6.     After the storm passes, teach your child the words she needs such as “angry, mad, sad, frustrated.” Make a chart with drawing or pictures of those facial expressions, play games where you take turns pretending to be angry or sad and asking “What can we do so I don’t feel so mad/sad?” Engage your child in suggesting possibilities: a big hug or a kiss, holding a beloved stuffed animal, punching a bob-bag, tearing up and crumpling newspapers, stomping your feet. 

7.     Distraction and humor (making silly faces, starting a silly song), can help shorten the tantrum’s duration and intensity. But when kids approach age four, they may well be insulted by this, as you seem to be making fun of their raging storm. Back off. 
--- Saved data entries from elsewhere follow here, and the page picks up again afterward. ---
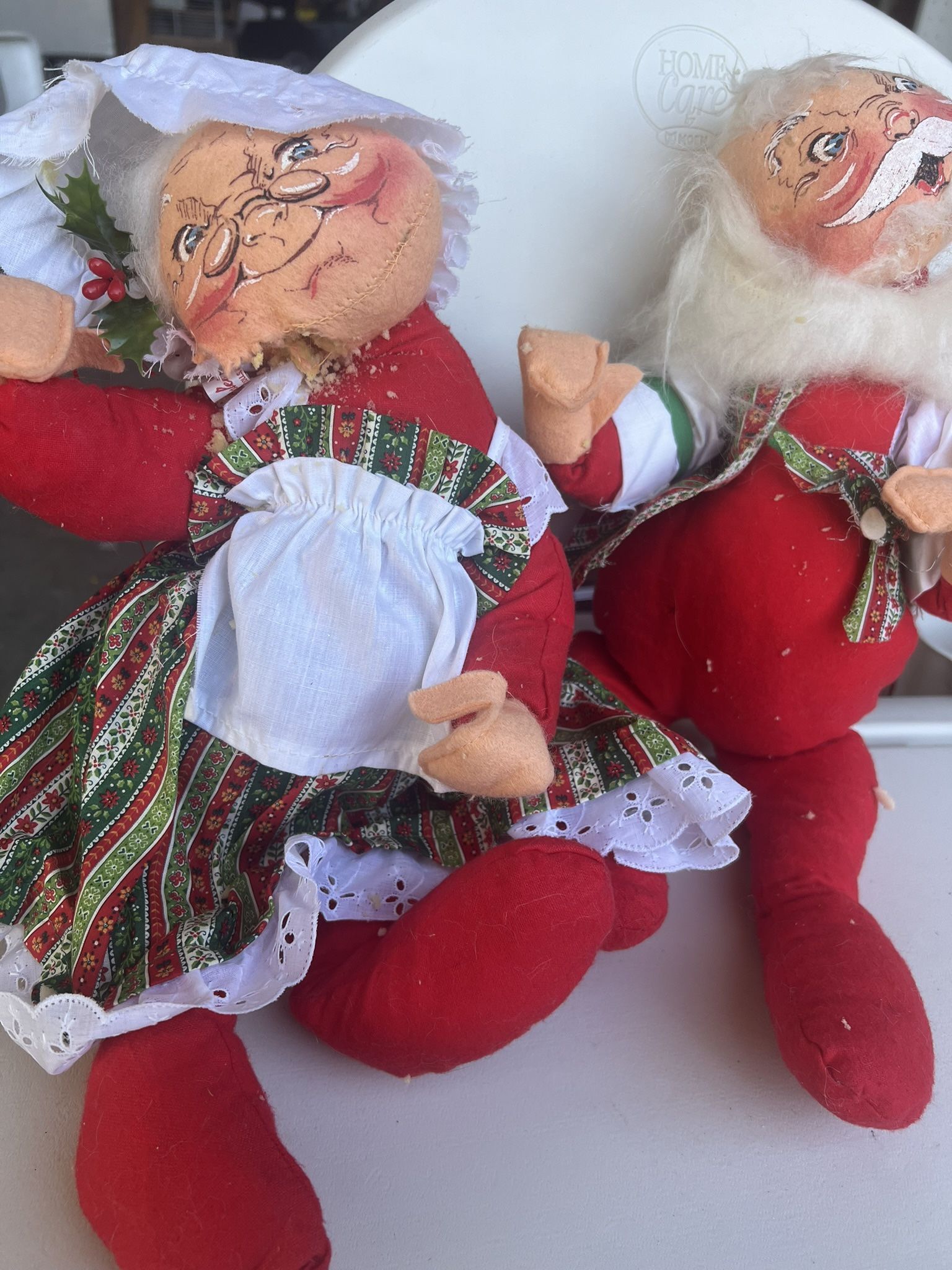 The product in the image is a vintage set of Annalee Mr. and Mrs. Santa Claus dolls. Annalee Dolls are a collectible brand known for their whimsical, smiling faces. The dolls are often poseable, with bendable arms and legs. Similar vintage Annalee Santa and Mrs. Claus. See pictures. The dolls come in various sizes, with some sets being around 17 to 18 inches tall. Local pickup in Denver area. Cash only. Rare.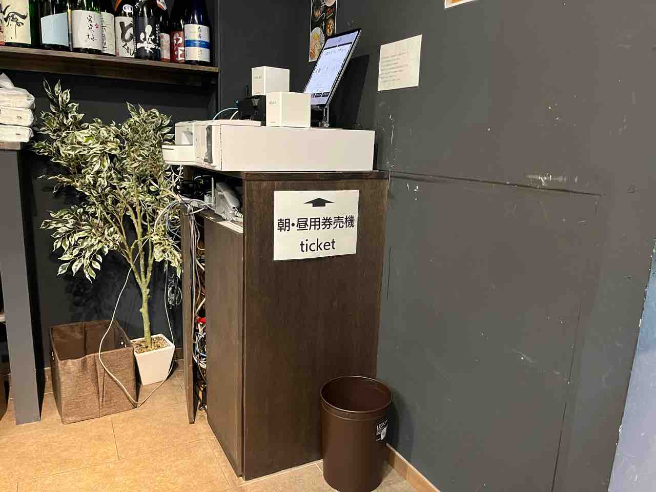 朝昼はこちらの食券機で食券を購入後、カウンターに食券を並べます。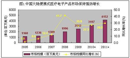 2005-2009年,中國大陸便攜式醫(yī)療電子產(chǎn)品市場呈現(xiàn)出加速增長勢(shì)態(tài),年復(fù)合增長率高達(dá)30.8%,幾乎沒有受到金融危機(jī)的影響。2009年市場總規(guī)模達(dá)到25.12億美元,增長速度達(dá)到25.8%占醫(yī)療電子產(chǎn)品總市場的53.2%。在便攜式醫(yī)療電子市場中,家用的占六成以上的份額,電子血壓計(jì)、便攜式血糖儀和電子助聽器占據(jù)了90%以上的銷售份額。由于目前市場處于普及的初級(jí)階段,中國人口基數(shù)大,國人健康意識(shí)的提升,整個(gè)便攜式醫(yī)療電子市場需要面對(duì)的是中國內(nèi)需市場,不存在市場飽和所謂的受金融危機(jī)影響。所以家用便攜式醫(yī)療電子產(chǎn)品市場前景非常好,便攜式、信息化、低功耗、低成本以及安全性是市場關(guān)注的熱點(diǎn)。展望未來,中國便攜式醫(yī)療電子市場前景非常誘人,在未來兩年,中國便攜式醫(yī)療電子產(chǎn)品市場規(guī)模年復(fù)合增長率可接近30%,2010年市場規(guī)模將接近32億美元,2011年會(huì)超過40億美元。(見下圖)。
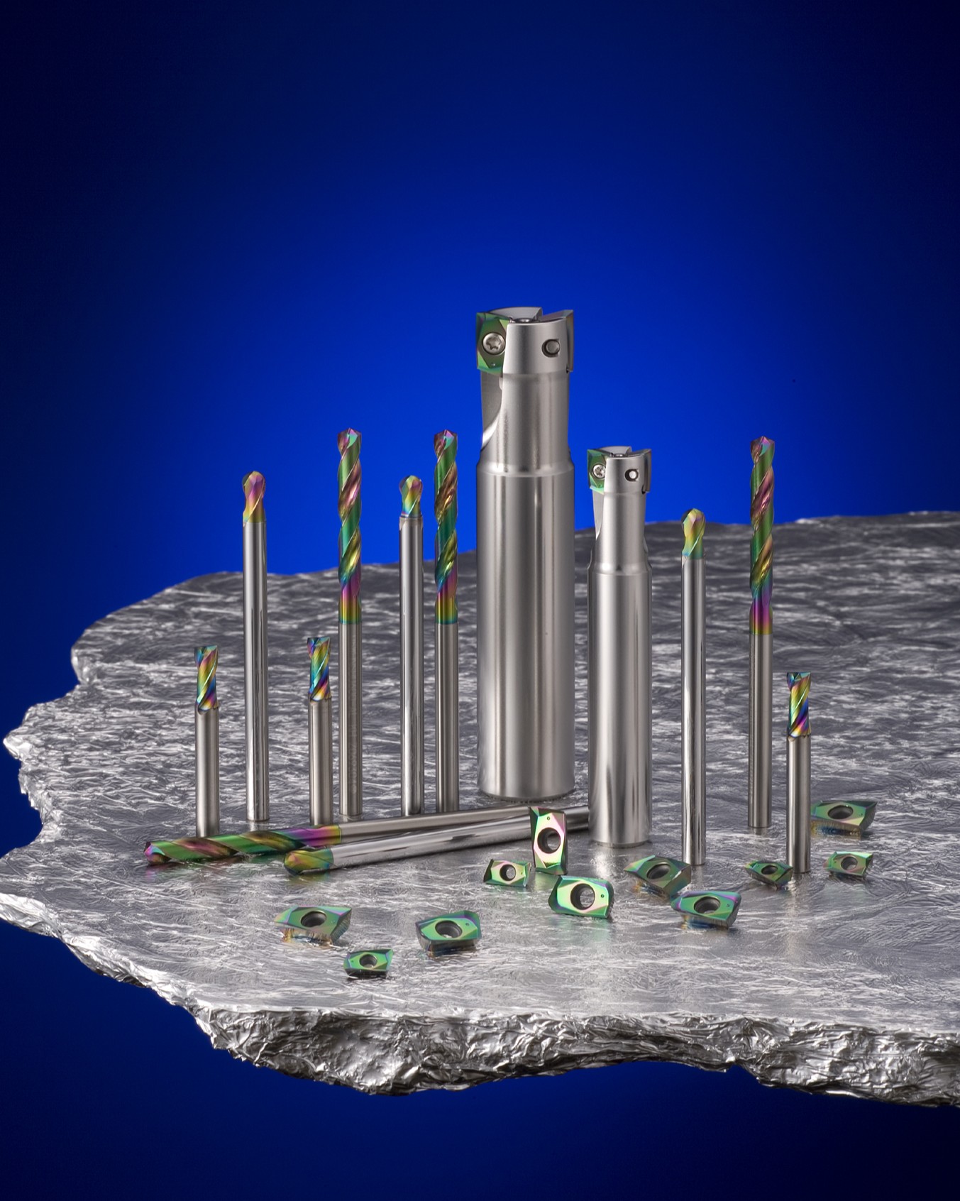 超硬エンドミル、刃先交換式工具、超硬ドリルをラインナップ。

Sometimes a child’s tantrum is so intense it sets you off. Have you ever felt like throwing a tantrum yourself? Or yelling at your child, or . . . even, hitting? Once in a while is a common part of parenting. If you do lose you cool with your child, be sure to address it. Tell him: ” I am so sorry I yelled at you. I was too angry when I did. It makes me feel sad now.” And it’s OK to say, “I need a little time out to calm down,” and model by taking demonstrative deep breaths, counting out loud to ten, or closing your eyes (if it’s safe to leave your child unwatched for a few seconds) and hugging a pillow to your chest. 

But, if you “lose it” often, you need more help. Talk to a therapist, a child development specialist, your pediatrician or a support group. And know that you are not alone.